Statistics Flashcards
Descriptive Statistics?
Descriptive statistics is what we can say about a sample by observing the sample itself. This is somewhat limited and mostly consists of summarisations of the data, e.g. like aggregates on a column in a database table.
Inferential Statistics
Inferential statistics is what we can say about a population based on what we know about a sample. That means that we can infer (deduce or conclude from evidence rather than from explicit statements) about the population based on a smaller sample.
In statistics what is ‘Probability’?
Probability is what we can generally say about samples from a population.
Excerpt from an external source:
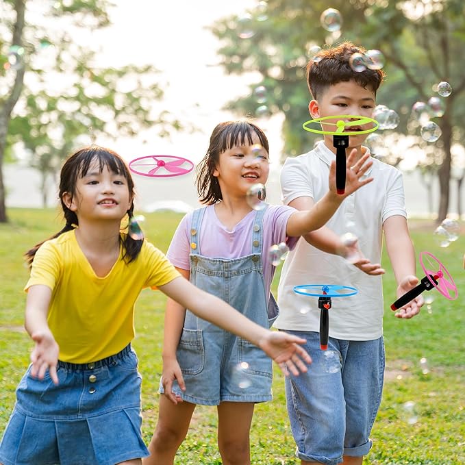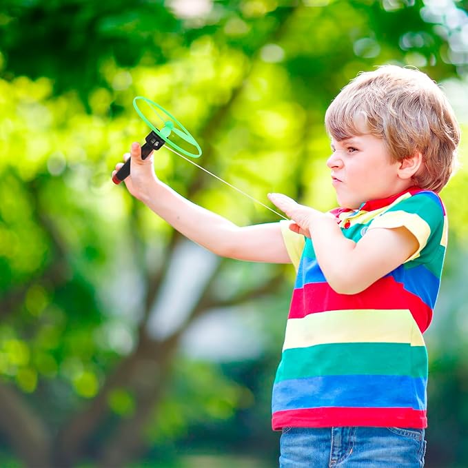 - 【Simple and Interesting Game Play】: Just put the flying toy on the top of the handle. There is a red pull wire on the handle. Pull the wire to the right position and it can fly very high, easy to operate.

So if we know 10 % of the population are left handed, we can expect 10 % of a sample randomly taken to be left handed.
In Probability Theory:
What does the experiment yield?
One possible outcome of a a sample space.
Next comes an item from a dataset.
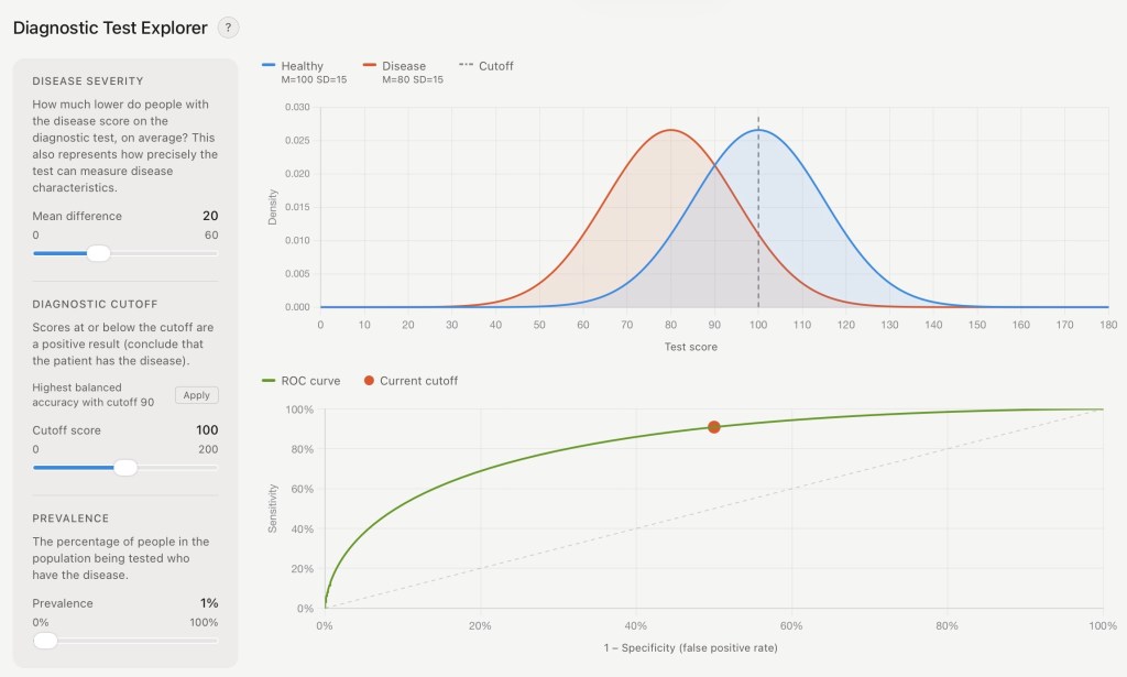 That’s complicated, so I built a tool to explore how diagnostic testing accuracy works, without having to get any diseases. Try it out here: Diagnostic Test Explorer.

The sample space for tossing a coin is {head, tail}
In Probability Theory
What is a ‘Sample Space S’
A set of possible outcomes of an experiment.
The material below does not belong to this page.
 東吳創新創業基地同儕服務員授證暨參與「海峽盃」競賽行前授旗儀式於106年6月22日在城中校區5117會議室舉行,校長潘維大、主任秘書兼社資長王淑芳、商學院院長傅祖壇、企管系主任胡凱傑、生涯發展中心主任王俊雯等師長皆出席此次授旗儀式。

The sample space for tossing a coin is {head, tail}
In Probability Theory
What is a ‘Event E’
An event is a possible outcome of an experiment, e.g. the event head when we toss a coin.
In Probability Theory
What is a ‘Probability of Outcome P(s)’
The probability of an outcome is always greater than 0 and less than 1, and the sum of the probability of all possible outcomes is 1, .
Descriptive Statistics
In Descriptive Statistics Which are the two different areas
Centrality and variability
Centrality: mean, median, mode
Descriptive Statistics
What is the Mean, or average and what kind of data is it most useful for?
The mean / average is the sum of a value divided with the number of values.
Most useful with homogeneous data - variables of one type. categorical or binary.
In Descriptive Statistics
What is the Median
What is the median in an evenly numbered data set?
The exact middle value of the data set.
If n is even, the median is the mean value of the two middle elements
In Descriptive Statistics
What is the Mode
The mode is the most frequent element.
1 , 1, 2, 3, 4 = mode = 1
Standard Deviation
Measure of the amount of variation on a set of values.
Low standard deviation indicates that the values are closer to the mean - the distribution is less wide
A high standard deviation indicates that the values are spread out on a wider range
In Descriptive Statistics
Is Standard Deviation describing variability or centrality
Variability : Dispersion of the data
Centrality: centrality measures determine the relative significance of a node in a social network
What is Correlation Analysis concerned with
Correlation analysis is concerned with relations between variables, e.g. if one goes up, what happens to the other?
What is a Correlation Coefficient
A correlation coefficient is statistic measure of the degree that one variable Y is a function of another variable X.